General Optimization Techniques | Core Techniques and Algorithms in Game Programming2003

We know our code is slow. We have identified the portion that is dragging performance down. Now, let's try to improve its performance by optimizing it. But first, a clarification is needed. Some years ago, all you needed to optimize game code was a thorough knowledge of assembly language. Compilers were not that good, and thus transforming the offending piece of code into hand-written assembly language magically boosted performance. Today's games are much more complex, and optimization generally comes from careful algorithmic analysis and not as much from down-to-the-metal coding. On the other hand, compilers have improved performance spectacularly, and thus there's less potential in hand coding your critical sections. Many times you will spend long hours figuring out the best assembly implementation, only to end up with more or less the same performance. Thus, let's start by reviewing some general techniques that should help you regardless of the nature of your code. In later sections, we will move on to optimization recommendations for each of the four phases.

Choose Your Enemy

Focus on small portions of code that take lots of resources. It makes no sense to spend time working on a linear piece of code. Evil hides in loops, especially when lots of iterations and complex processing goes on inside. So, begin by carefully selecting your optimization target. Optimizing is a time-consuming, mind-bending process, and it better pay off in the end. Recursion is also a great hiding place for slow code. Take a look at those tree building routines to make sure each recursion takes as little time as possible to execute.

Precompute Everything

Study your code carefully and detect values that are computed in complex arithmetic functions. Does your code use trigonometric functions, random numbers, or any other kind of complex mathematical routine? Try to tabulate those so the only processing that takes place inside the loop is the table lookup. Code such as the following example is going to consume more CPU cycles than you might expect:

 float acc=0; for (i=0;i<1000;i++)    acc=acc+i*sin(x*i);

Substituting the sin call with a table lookup (and precomputing the sine function into that table) produces a five times speed increase on a regular PC. Hopefully, this simple example will show you the importance of avoiding expensive computations inside tight loops.

Simplify Your Math

Not all mathematical operators are equally fast. Traditionally, additions (or subtractions) were faster to compute than multiplies, which in turn were faster than divides. Today, performance varies greatly from one platform to another. On a regular PC, a divide costs one and a half times a multiply, so it is a good idea to check for performance on your target platform. The following two snippets perform the same task, but the second version only has 60 percent of the timing cost of the divide version:

 float acc=1000; for (long i=0;i<100;i++)    acc=acc/2.0; float acc=1000; for (long i=0;i<100;i++)    acc=acc*0.5;

Some operations that should be avoided at all costs are square roots, logarithmic operators, and so on. Try to simplify equations and, if you really need to use complex math routines, tabulate them beforehand.

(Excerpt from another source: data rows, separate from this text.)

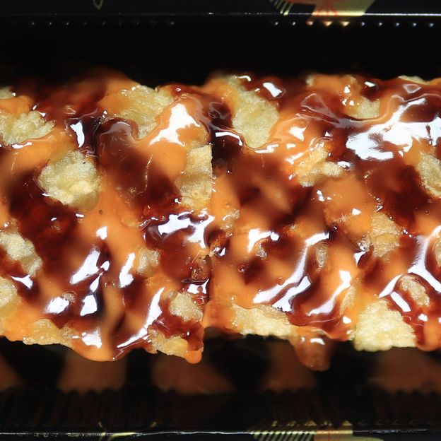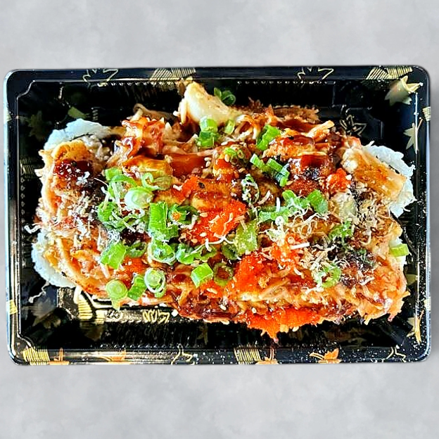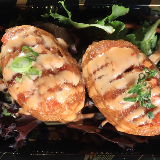 Sushi rice in sweetened bean curd, topped with spicy tuna
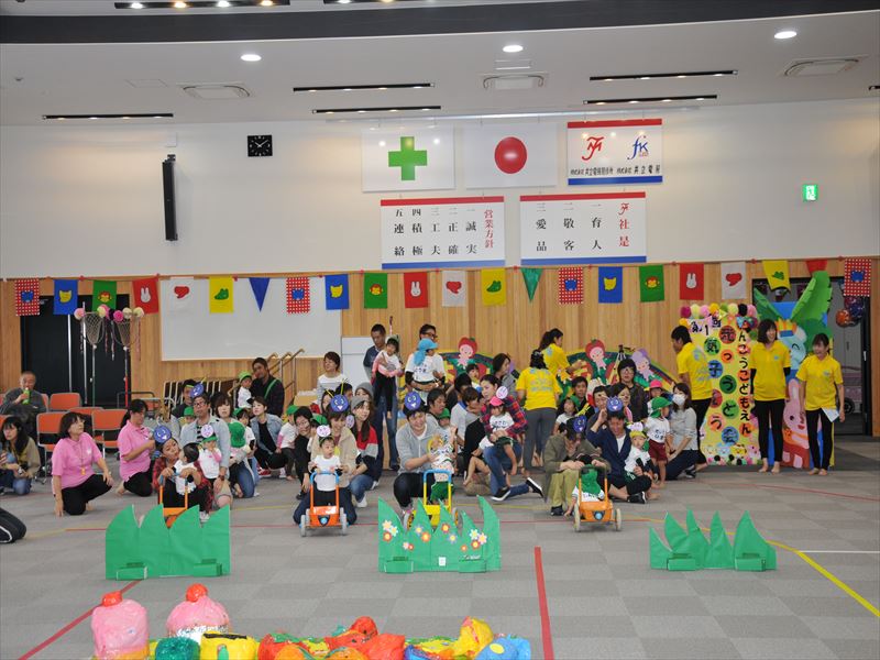 園児約30名ほどが参加、ご父兄も100名以上の方々が参加していただき、徒競走、ダンス、玉入れ、綱引きなど園児を中心にご父兄の皆さまが参加できる運動会となり、大いに盛り上がりました。
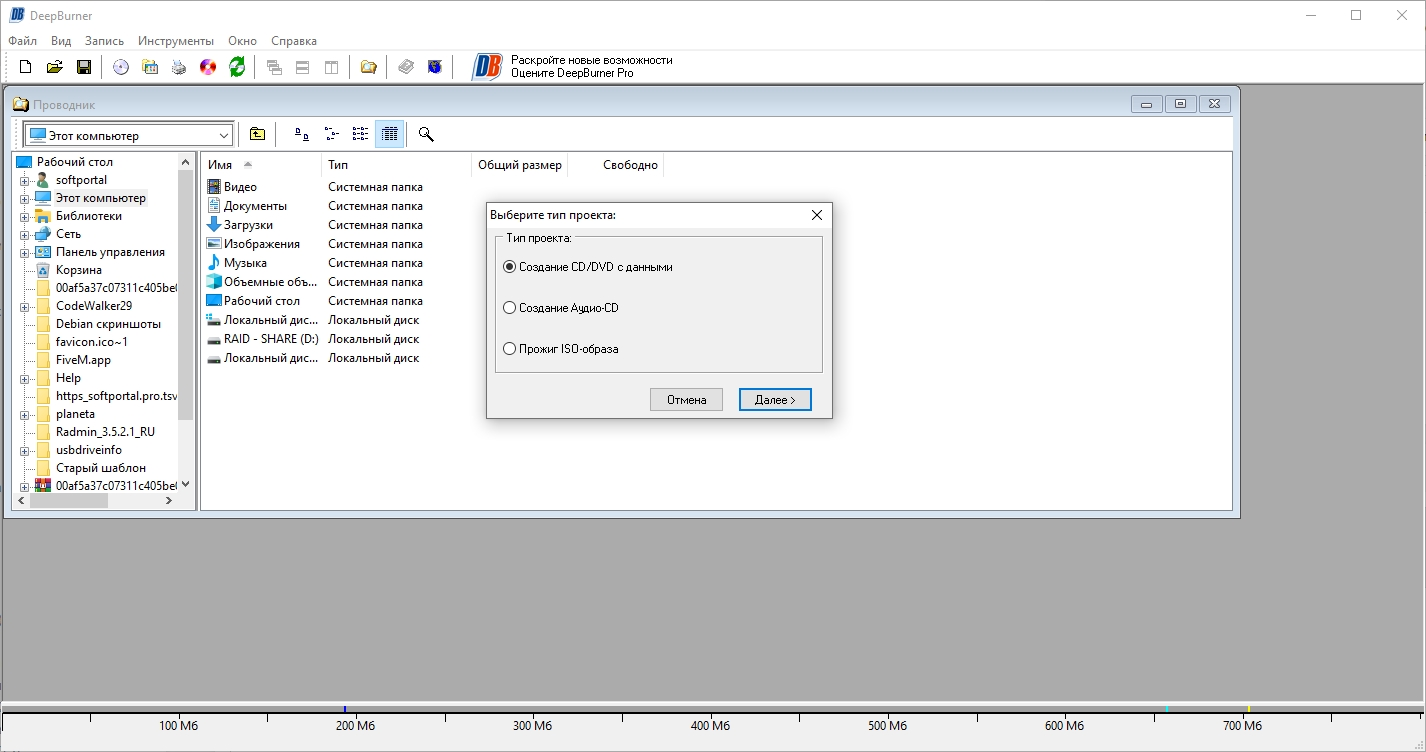DeepBurner - бесплатная версия приложения для записи CD и DVD. Программа поддерживает множество форматов: CD-R / CD-RW / DVD-R / DVD + R / DVD-RW / DVD + RW / DVD-RAM. Содержит все необходимые функции для быстрой и простой записи дисков, а все действия в программе сводятся по сути к перетаскиванию файлов и папок из файлового менеджера в окно, и запуска записи или стирания диска.
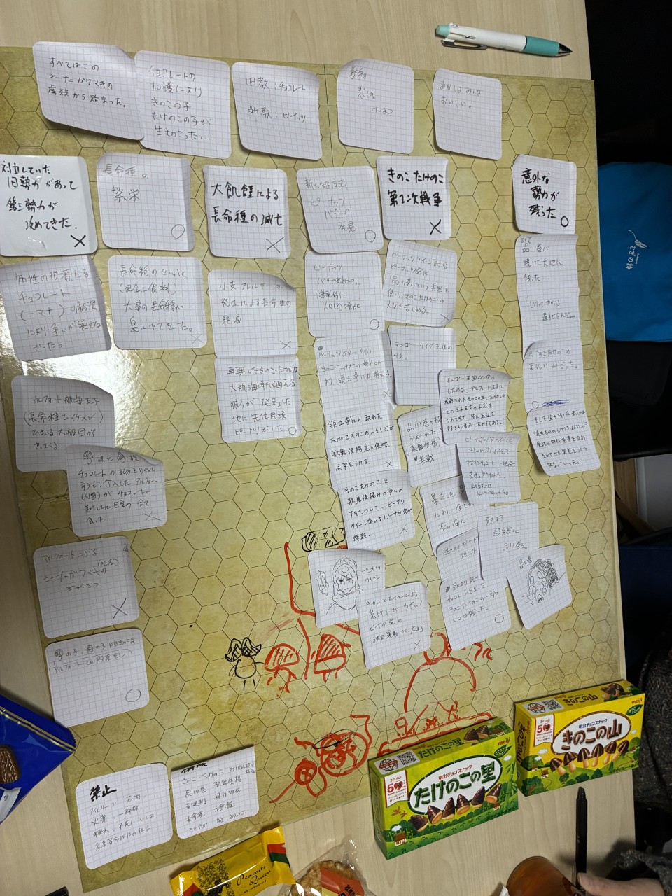 今回初プレイのプレイヤーばっかりだった上に、最初から戦乱の世にする気満々で、おやつにきのこの山とたけのこの里を買ってきたトンチキプレイヤーがいたので、人類の歴史ではなくお菓子大戦争になりました。すみません私が買いました。
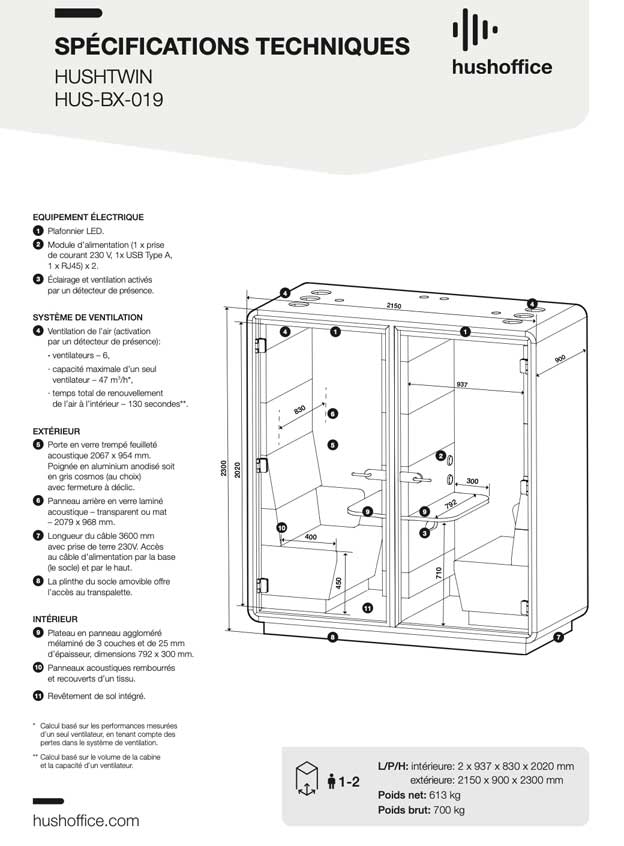 L´open-space est dorénavant choisi par la plupart des entreprises. La cabine HushTwin assure la confidentialité de certains échanges ainsi que l´isolement possible des collaborateurs en cas de nécessité de concentration. Dotée de deux emplacements identiques, elles profitent d´un renforcement d´isolation intérieure particulià¨rement efficace. La cabine acoustique HushTwin de la gamme Hushoffice vous garantit le confort de travail particulià¨rement ergonomique de sa banquette. Vous pourrez également connecter votre ordinateur portable à une prise électrique, une prise USB ainsi une prise RJ45 installées dans chaque cabine de votre caisson acoustique HushTwin. Entià¨rement mobile, la cabine acoustique HushTwin a été pensée pour àªtre facilement installée dans votre espace de travail partagé ou déplacée dans votre open-space grà¢ce à la présence d´un espace sous le plancher principal permettant d´y glisser une fourche de transpalette. Avec une occupation au sol de moins de deux mà¨tres carrés, la cabine acoustique double HushTwin est entià¨rement configurable et peut rejoindre la plupart des espaces partagés.
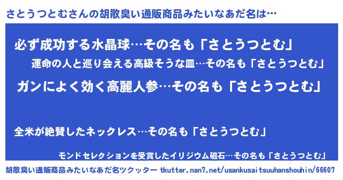 | 伝説のあだ名 | 『伝説の竜騎士さとうつとむ』 |
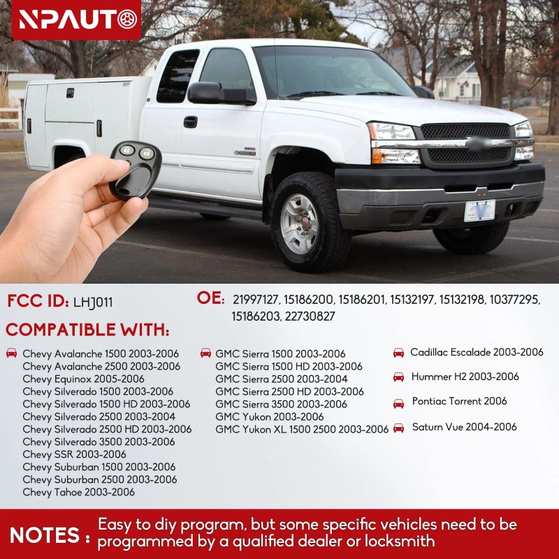 [Compatibility]: keyless fobs with ignition key replacement for Chevy Silverado 1500 2500 3500 HD 2003 2004 2005 2006 | Avalanche 03-06 | Equinox 05-06 | Suburban Chevy SSR Tahoe 03-06 | GMC Sierra Yukon XL 03-06 | Cadillac Escalade 03-06 | Hummer H2 03-06 | Saturn Vue 04-06 | Pontiac Torrent 2006【NOTE】Before purchasing this order, please check the description or use the year/make/model drop down bar to confirm the compatibility
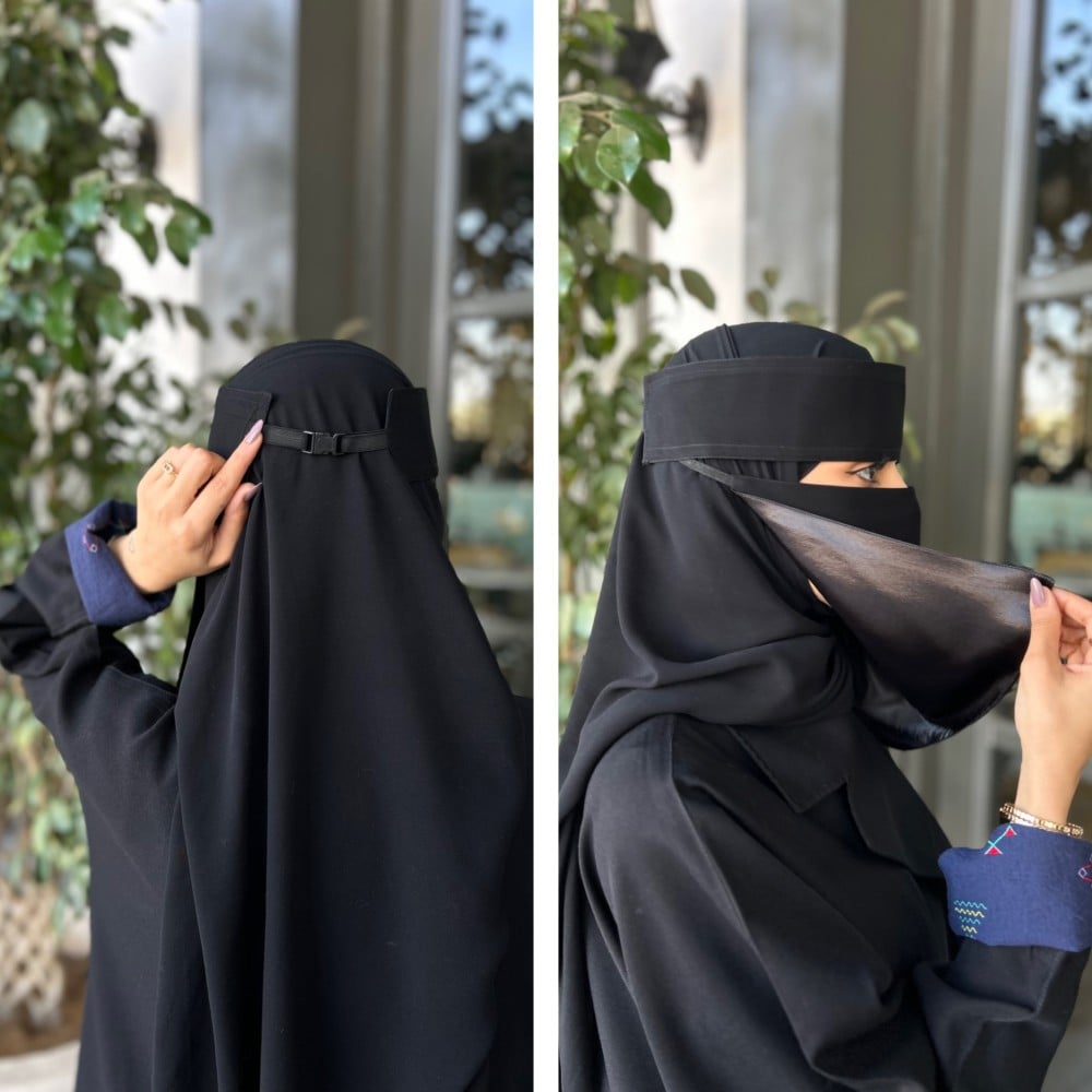 نقاب مشبك مبطن حرير قصير
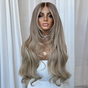 COLOUR: LIGHT BROWN ROOT STRETCH WITH LIGHT ASH BLONDE AND LOWLIGHTS THROUGHOUT
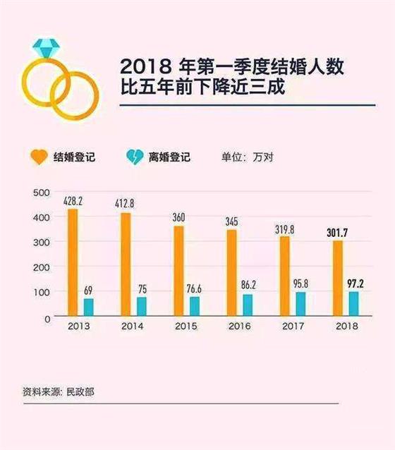 根据最新消息显示,2019年中国婚姻登记机关共办理结婚登记947.1万对,结婚率从2014年起持续下降。2019年办理离婚登记415.4万对,补发结婚证和离婚证书403.4万对。我们国家的离婚率逐步上升,结婚率迅速下降。从这些数据中,我们可以感受到现在的年轻人对待结婚的态度,已经不同往日。
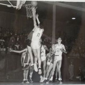 Photo--Black and white: Analy High School basketball B team of 1949-50. Analy Tigers vs Santa Rosa. Analy 18--Santa Rosa 24
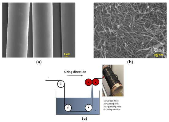 Bundles of 12,000 filament (12K) CFs T700 SC 31E (Toray carbon fibres Europe) were used in this work which contained an epoxy-compatible sizing agent. A sizing formulation was made of U6-01 (MICHELMAN) composed of a polymer film to bind filaments together, and a polymeric coupling agent to promote fibre–matrix interactions, and thus create strong interfaces between the fibre and matrix resin in the composite. CNFs are not soluble in water due to their inert surfaces; therefore, the non-ionic surface-active agents, Brij S20 (BS20) surfactants, were used to disperse them in aqueous media. The surfactant was a Polyethylene glycol octadecyl ether and had a molecular mass of about 1152 g/mol. The sizing content obtained was up to 2.2 wt.% and the nanofiller concentration in the sizing layer was between 1 and 10 wt.%. As seen in Figure 1a, T700 SC 31 E CFs (T700), with a diameter of approximately 7 μm, were sized with complex formulations containing CNFs (Figure 1b), emulsifiers, anti-static agents and lubricants. A CF spool was first unwound at 5 m/min, passing in a sizing bath, and then it was squeezed into a calendar, dried using infrared (IR) light source combined with hot air, and finally collected onto another bobbin, as shown in Figure 1c.
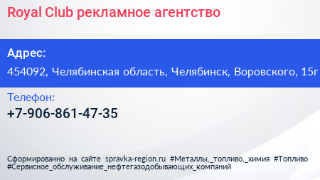 Royal Club, рекламное агентство по адресу 454092, Челябинская область, Челябинск, Воровского, 15г в дальнейшем Организация, размещена в следующих категориях:
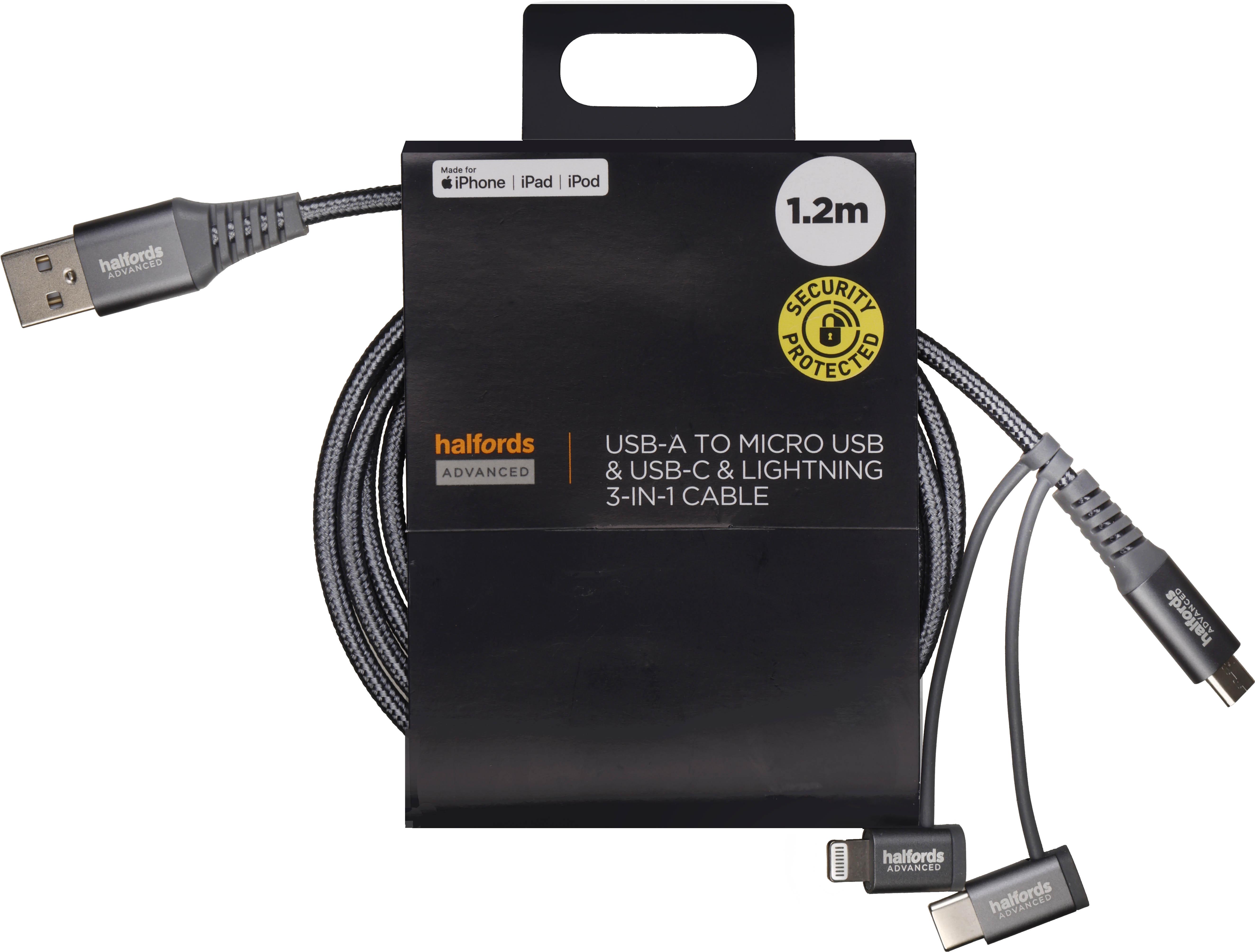 Halfords USB-A to USB-C & Lightning Cable 1.2m Charcoal
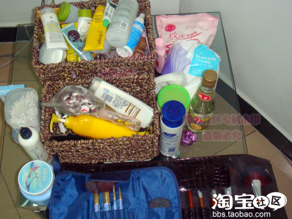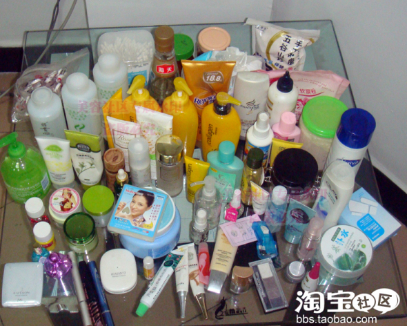 里面包括化妆品,护肤品,内调的,洗刷的都有
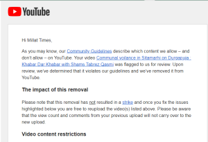 वीडियो हटाने के संबंध में यूट्यूब का मेल
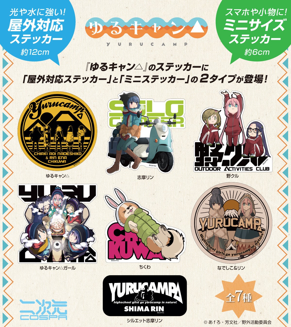 ミニサイズの『ゆるキャン△』ミニステッカー

Also, be especially careful with operations that require type conversion. Adding integers to floats and so on, means the CPU must perform type conversions internally, which takes time to compute. Try to plan your code so type changes are kept to a minimum.

Additionally, rearrange your math operations so you take advantage of the less-costly CPU instructions. Here are two simple examples:

 a*b + a*c  a*(b+c); Gets rid of one multiply b/a + c/a = (1/a)*(b+c); changes one division for one multiply, which is usually cheaper.

The distributive, associative, and commutative laws of arithmetic can help you find the optimal representation for any expression, so the least computations need to be performed.

Store Data Efficiently

Using unneeded precision will significantly increase your memory footprint and will also have a clear impact on performance as well. Try to store data efficiently, using the minimum bits possible. Color interpolation is a good example. Too often, floating-point values are used for color representation, and in the end, colors end up being displayed on a CRT screen that actually does not support that much precision. Using bytes should suffice and decreases memory footprint by a factor of four. It also allows the CPU to use cheaper, byte-based operations or even things like Intel's MultiMedia eXtensions (MMX). As an example, imagine that you need to interpolate two vectors of color values. The original, float-based routine, would be the following, which requires two float multiplies and one float addition per cycle:

 void interpolate_vector_float(float *v1,float *v2,float *v3,int num,float alpha) { int i; float alphainv=1-alpha; for (i=0;i<num;i++)    {    v3[i]=v2[i]*alpha+v1[i]*alphainv;    } }

Note how we have precomputed alphainv before entering the loop to maximize performance. Then, a byte-based approach would be as follows:

 void interpolate_vector_byte(unsigned char *v1,unsigned char *v2,unsigned char *v3,int num,float alpha) { int i; unsigned char balpha=(unsigned char)(alpha*255); unsigned char balphainv=255-balpha; for (i=0;i<num;i++)    {    unsigned int tmp=v2[i]*balpha+v1[i]*balphainv;    tmp=(tmp>>8);    v3[i]=tmp;    } }

Notice how we prepare both alpha and alphainv in bytes, so the interpolation is actually multiplied by 256. Hence, the right-shift we perform keeps data in bytes. As a result, the byte version is twice as fast as the float version, and the data set occupies one fourth of the original version. Sometimes the extra precision will be needed, but getting used to smaller data types improves the performance of your code.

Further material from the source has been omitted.